Include screenshots, analysis, etc. (Remember, this is public, so don't put
anything here that you don't want to share with the world.)
# Flocking Simulation

## Table of Contents

* [Overview](#overview)
* [How We Built the Flocking Simulation](#how-we-built-the-flocking-simulation)
* [Performance Analysis](#performance-analysis)
* [Bloopers](#bloopers)

## Overview

### What is the Flocking Simulation?

Imagine watching a group of birds flying together in harmony, almost like a choreographed dance in the sky. That mesmerizing pattern is what this project replicates. The concept behind it is based on the [Reynolds Boid model](https://en.wikipedia.org/wiki/Boids), a model that explains how individual elements (like birds) move when they are part of a larger group.

### How Does it Work?

This simulation uses three simple rules to create complex patterns:

1. **Stay Together** - Each bird, or "boid," moves towards the average position of its neighbors, not counting itself.
2. **Don't Crowd** - Boids try to maintain a certain distance from each other, ensuring they don't bump into one another.
3. **Fly Similarly** - Boids try to fly at the same speed as their nearby companions, creating a harmonized movement.

### Technical Details

- The simulation is designed using advanced programming techniques with CUDA and OpenGL.
* It's further optimized using methods called a 'uniform grid' and 'semi-coherent memory access' for smooth performance.

### Preview

Below is a quick glimpse of the simulation with a whopping 100,000 boids in action!

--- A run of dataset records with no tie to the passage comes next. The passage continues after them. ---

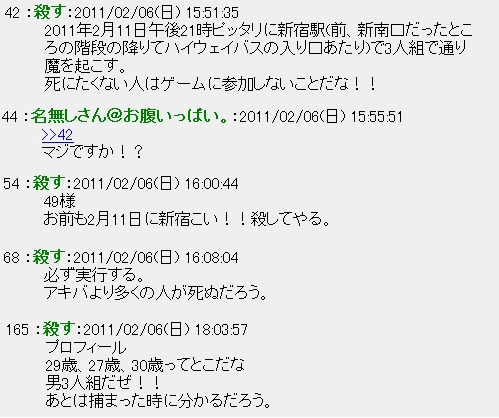 지난 6일 해당 커뮤니티 게시판에 "2월11일 오후 21시 신주쿠역에서 살인사건할 것"이라고 게재했다. 이어 "꼭 실행할 것이다. 아키바보다 더 많은 사람 죽을 것이다"라고 글을 올렸다.
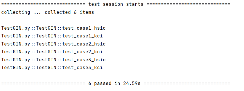 Basically you can test both kci and hsic in a single function, and the only difference seems to be GIN(data, indep_test_method) indep_test_method this parameter.
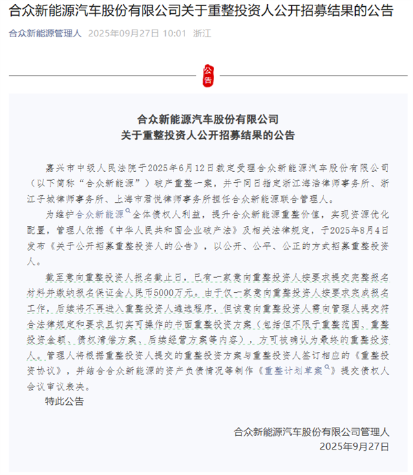 9月27日消息,今日,合众新能源汽车管理人发布《合众新能源汽车股份有限公司关于重整投资人公开招募结果的公告》。

![Boid Simulation Preview](images/boids.gif)

## How We Built the Flocking Simulation

To craft the enthralling pattern of birds in flight, we utilized three distinct techniques. Let's delve deeper into each:

### 1. **Naive Approach**

This is the simplest of the methods, often referred to as a brute-force approach.
* **Process**:
* Every single boid examines every other boid in the environment to determine how it should move.
* For each bird, the system calculates several parameters:
* The **Center of Mass** - Represents the average position of all boids excluding the current one.
* **Average Speed** - Denotes the mean speed of all the other birds.
* **Nearby Boids** - Identifies birds that are within a specific distance to avoid collisions.
* With these calculations, the simulation adjusts the position and velocity of each bird according to our main rules.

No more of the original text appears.